Caveats and other musings
- I've tried to mitigate the risk of accidentally (or intentionally) using a key that converts to a path outside of the database's working directory. Valid filesystem paths are described above. However, it may still be possible to work around this roadblock. If you find a way to do so, please let me know so I can patch it up! If you're really worried about this, though, one potential solution could be to create a password and symmetrically encrypt each key with it such that the key becomes an alphanumeric string before you try to read or write with it. Thus if a key somehow contains malicious code that could allow it to read from or write to parts of the filesystem outside of the database's working directory, then this method would convert the key to only alphanumeric characters for storage; but it could be decrypted later using the same password. Note that this is absolutely not a method for keeping data safe or private; it's only a possible strategy for mitigating nefarious reads and writes caused by a nefarious key. In fact, I'd recommend finding a super simple encryption algorithm, one that can work fast and produce relatively short strings, since the goal in this particular case has nothing to do with encrypting the data at rest.

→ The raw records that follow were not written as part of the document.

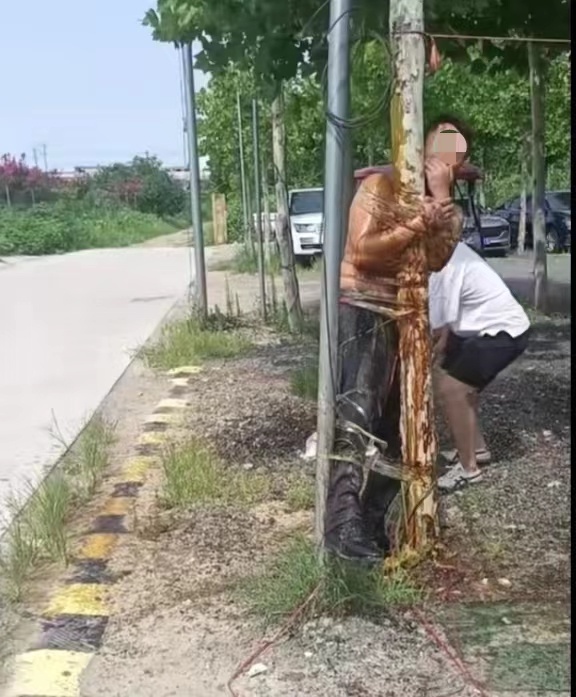 7月25日,一网友发布视频称,在河南省郑州市惠济区江山路边,一男子因婚闹被人绑在树上,身上被倒满酱油等物品,浑身发臭。
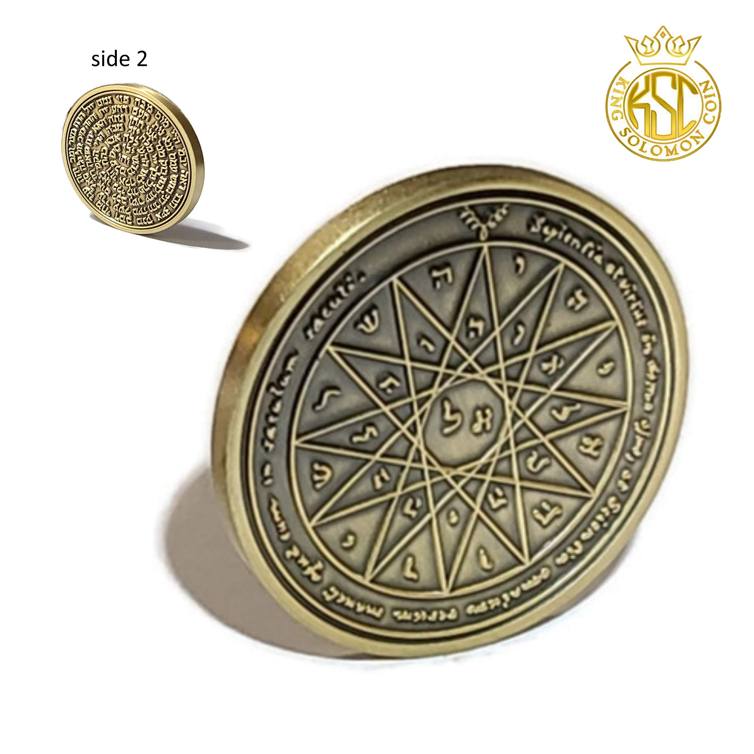 Fourth Pentacle of Mercury (side 1) Assists in gaining knowledge & understanding in all things, and to penetrate the hidden thought of others. This is further proper to acquire the understanding and Knowledge of all things created, and to seek out and penetrate into hidden things; and to command those Spirits which are called Allatori to perform embassies. They obey very readily. In the centre is the Name of God, El. The Hebrew letters inscribed about the dodecagram make the sentence, ‘IHVH, fix Thou the Volatile, and let there be unto the void restriction.’ The versicle is:–‘Wisdom and virtue are in his house, and the Knowledge of all things remaineth with him for ever.’ 72 names of God (side 2) This formula is called the 72 Names of God. 72 sequences composed of Hebrew letters that have the extraordinary power to overcome the laws of nature in all forms, including human nature. The 72 Names are each 3-letter sequences that act like an index to specific, spiritual frequencies. By simply looking at the letters, as well as closing your eyes and visualizing them, you can connect with these frequencies. The 72 Names work as tuning forks to repair you on the soul level. It means, practically speaking, that you don’t have to go through some of the more physically demanding tests in life, you can tune your body and soul with the spiritual frequencies your eyes do not perceive. WARNING: This seal have great energetic forces that can change a person's energy. may cause nausea, dizziness and general weakness in the first 48 hours. Not recommended for pregnant women. Please note: 1. Don't let anyone touch the talisman after you touch it. Because the energy changes. Once a person holds the talisman it belongs to him only. 2. Please do not enter the bathroom/restroom with the talisman because of the holy symbols and the name of God on it. Size 1.50 inches thick 2.9 millimeters Weight 0.8 oz Material Alloy/Brass Color Gold PVC coin sleeve
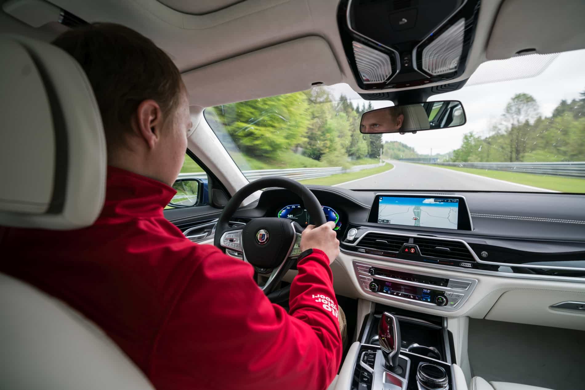 S faceliftem se do luxusního interiéru nastěhoval digitální, samozřejmě typicky modrý přístrojový panel, jízda samotná zůstává na samém vrcholu toho, co lze od limuzíny s 3,2m rozvorem očekávat. Je velmi plavná a příjemná, zároveň však vůz v zatáčkách dlouho drží stopu (zde pomáhá pohon všech kol s preferencí zadní nápravy) a nehrne se přes přední kola ven. Rychlé změny směru samozřejmě nezvládá tak čile jako třeba B4 S, které se představilo v rozlučkové edici 99 (nová gen. bude za rok), raději si počká na narovnání trati. Potom vypustí svých 800 Nm, na které nově dosáhne už při 2000/min, a digitální ručička letí vzhůru. Ve zkreslování rychlosti je B7 přeborník: 240 km/h se řidiči jeví jako příjemně uvolněné cestovní tempo.
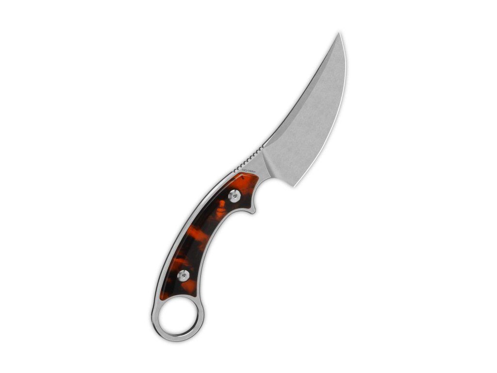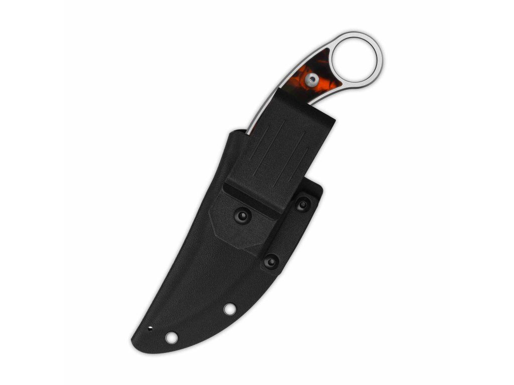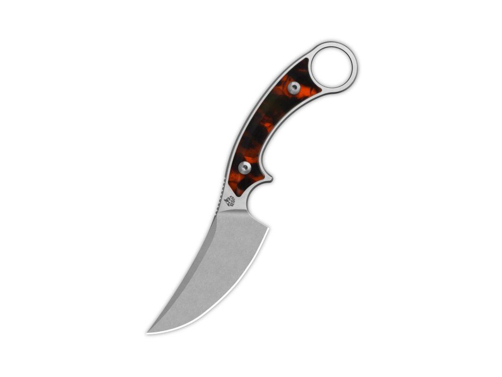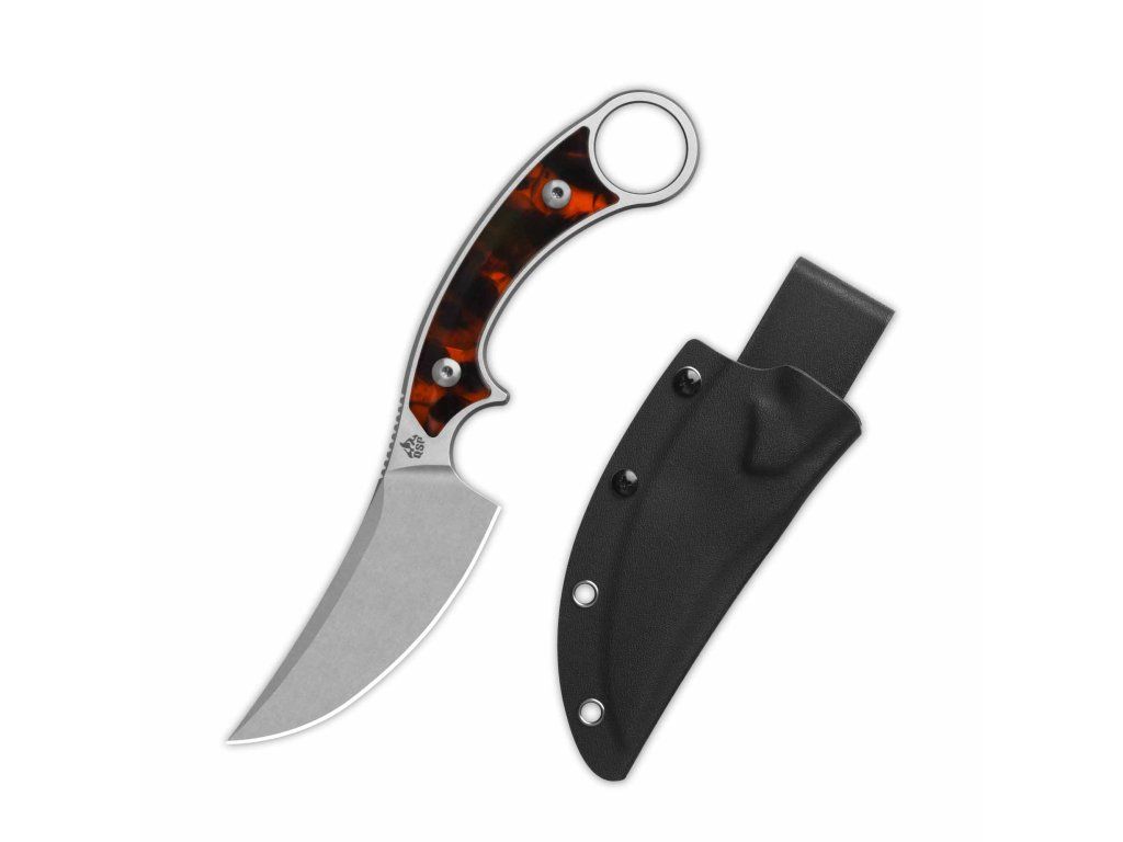 Typ: Fixed blade knife | Materiál: Blade: 10Cr15MoV (equal to VG10), stonewash, Handle: Tortoise resin | Rozmery: Overall: 8.5'' ( 215mm ); Handle: 4.5''( 114mm ); Blade: 4.0" ( 101mm ; Blade thickness: +/-4.5mm Net weight: +/-110g (3.88oz) | Tvrdosť ocele: 59-61 HRC | Puzdro: Kydex | Výrobca: QSP KnifeDodatočné parametre

- This package intentionally doesn't include any options to encrypt the data at rest because such a feature is out of scope.
- I don't know what I'm doing. This is probably horribly designed and executed. But it works for my needs, so I'm happy with it.
- I have no idea how it'll respond to binary data. I haven't tried it yet. But I suspect that, as long as the data can be stringified, it can be written and read with FileDB. I should probably add that to the to-do list...
- Good luck! Feel free to give me feedback!